Most of the time, there is little dispute that preventing a data-quality issue is the best remedy. But sometimes is not possible to do that due to high associated costs, technological constraints, highly demanding schedules, or any combination. In these situations, it is important to capture the rationale used in the decision process and revisit decisions on a regular basis to evaluate if conditions have changed and implementation has become viable.

Data cleansing or data scrubbing. Recall from Chapter 9 that the terms data cleansing and data scrubbing are often used as a catch-all for all sorts of transformations to data to improve their quality. Of course, a company looking to mature its DQM process will continuously look for opportunities to improve its data. It is true that the requirement to correct a certain piece of information will often be directly stated.

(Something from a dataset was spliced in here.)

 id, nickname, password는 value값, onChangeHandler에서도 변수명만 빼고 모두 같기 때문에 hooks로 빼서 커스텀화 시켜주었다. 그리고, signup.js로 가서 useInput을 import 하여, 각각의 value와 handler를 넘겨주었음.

However, in some cases, cleansing opportunities will arise as a byproduct of other activities. For example, when a bug affecting data quality is found, it is necessary to fix it, both to correct the existing issue and to prevent it from happening in the future. In another example, if a business rule changes, it is necessary to implement one or more changes to support the new rule, and sometimes to modify any existing data to comply with the new rule.

Therefore, from a continuous improvement point of view, it is important to identify situations when data cleansing can potentially arise as a subsequent or indirect requirement. This is part of being a proactive organization. Furthermore, regular data profiling can also help raise awareness of required data cleansing activities that the business may have not have noticed before. Mature IT organizations are capable of identifying certain types of data issues before the business does. Keep in mind that data quality is not maintained just for its own sake—it needs to fulfill a purpose. And businesses should always have the final word regarding the level of quality required. But an IT organization that can point out potential problems will go a long way to meeting quality standards.

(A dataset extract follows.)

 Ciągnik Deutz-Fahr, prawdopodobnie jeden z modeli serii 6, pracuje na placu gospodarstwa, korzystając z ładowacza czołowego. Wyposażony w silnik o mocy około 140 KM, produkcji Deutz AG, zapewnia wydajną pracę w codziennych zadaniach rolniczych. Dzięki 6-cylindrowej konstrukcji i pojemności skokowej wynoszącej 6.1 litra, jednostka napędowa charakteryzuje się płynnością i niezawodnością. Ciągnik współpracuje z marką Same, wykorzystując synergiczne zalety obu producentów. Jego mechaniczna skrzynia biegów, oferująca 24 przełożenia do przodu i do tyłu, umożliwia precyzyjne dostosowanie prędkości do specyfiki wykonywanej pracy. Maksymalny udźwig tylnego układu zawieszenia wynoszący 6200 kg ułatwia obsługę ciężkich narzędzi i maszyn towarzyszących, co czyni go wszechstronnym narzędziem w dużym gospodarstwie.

Data standardization. Data are distributed across heterogeneous systems, leading to an ongoing battle to consistently represent the same information in the same format. New sources of information are constantly being integrated into existing ones. To require data elements from every system to conform to a particular standard is too much of a stretch. Therefore, data transformations are unavoidable when data is moving across systems.

This integration typically happens in one of two ways:

 Data are moved permanently from one system to another.

 An interface is created to move data regularly from one system to another.

When data is permanently moved from one system to another, data from the source system should be transformed to conform to the standards required by the target system. When an interface is added to move data from one system to another, the logic to conform the data across them needs to be added as data are moved. Refer to Chapter 9 for more details on this.

From a continuous improvement perspective, companies should tackle data standardization from multiple fronts:

 Constantly evolve data standardization as part of data migration projects. In general, data need to be permanently moved from one system to another due to data consolidation, system upgrades, and mergers and acquisitions. Data migration efforts require a repeatable process that can deliver successful and predictable results. Data standardization should be a permanent item in the list of activities required as part of this exercise, with enough details to correctly guide teams on how to identify and conduct data standardization activities during the migration process. Furthermore, this documentation should be regularly updated as the process matures.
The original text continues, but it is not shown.